# Records shown:
————————

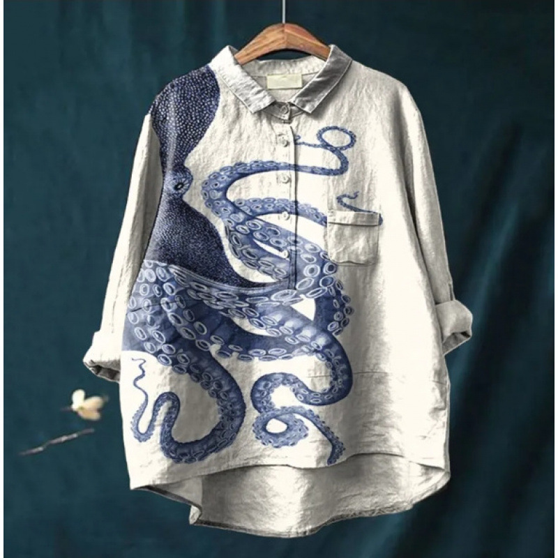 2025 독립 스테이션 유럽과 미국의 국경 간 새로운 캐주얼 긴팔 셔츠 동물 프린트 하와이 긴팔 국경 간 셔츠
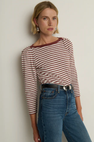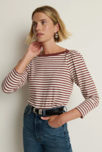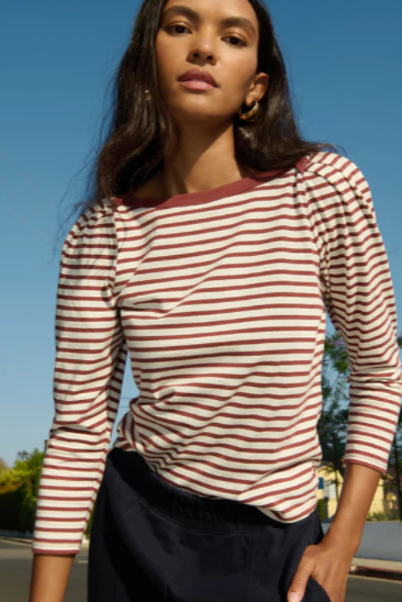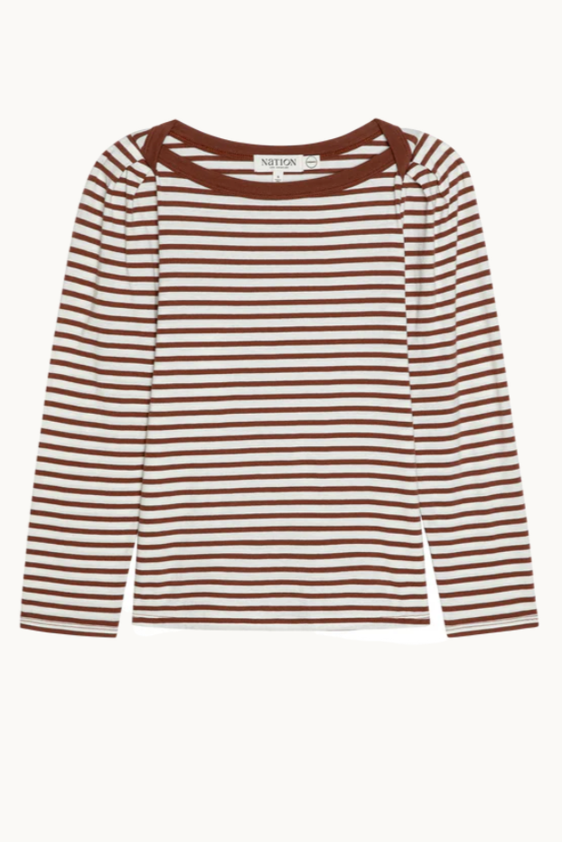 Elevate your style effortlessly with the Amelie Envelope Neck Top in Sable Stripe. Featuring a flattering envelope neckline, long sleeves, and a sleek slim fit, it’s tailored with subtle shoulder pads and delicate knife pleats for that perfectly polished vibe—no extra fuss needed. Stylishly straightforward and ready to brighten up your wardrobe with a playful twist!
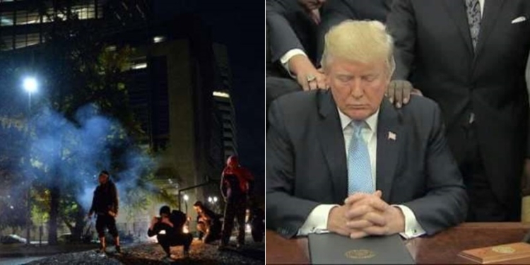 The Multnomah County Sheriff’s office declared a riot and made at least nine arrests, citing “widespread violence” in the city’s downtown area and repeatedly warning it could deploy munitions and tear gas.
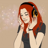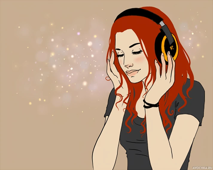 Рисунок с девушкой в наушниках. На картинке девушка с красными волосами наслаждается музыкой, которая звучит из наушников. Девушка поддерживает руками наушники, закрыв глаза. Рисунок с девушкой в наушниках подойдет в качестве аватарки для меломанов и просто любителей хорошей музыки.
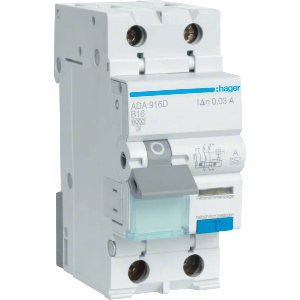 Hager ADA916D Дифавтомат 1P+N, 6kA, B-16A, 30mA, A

————————

# Exercise instructions:
Your answer must be an exact copy of the records, minus any pictures.

# Response area:
 2025 독립 스테이션 유럽과 미국의 국경 간 새로운 캐주얼 긴팔 셔츠 동물 프린트 하와이 긴팔 국경 간 셔츠
 Elevate your style effortlessly with the Amelie Envelope Neck Top in Sable Stripe. Featuring a flattering envelope neckline, long sleeves, and a sleek slim fit, it’s tailored with subtle shoulder pads and delicate knife pleats for that perfectly polished vibe—no extra fuss needed. Stylishly straightforward and ready to brighten up your wardrobe with a playful twist!
 The Multnomah County Sheriff’s office declared a riot and made at least nine arrests, citing “widespread violence” in the city’s downtown area and repeatedly warning it could deploy munitions and tear gas.
 Рисунок с девушкой в наушниках. На картинке девушка с красными волосами наслаждается музыкой, которая звучит из наушников. Девушка поддерживает руками наушники, закрыв глаза. Рисунок с девушкой в наушниках подойдет в качестве аватарки для меломанов и просто любителей хорошей музыки.
 Hager ADA916D Дифавтомат 1P+N, 6kA, B-16A, 30mA, A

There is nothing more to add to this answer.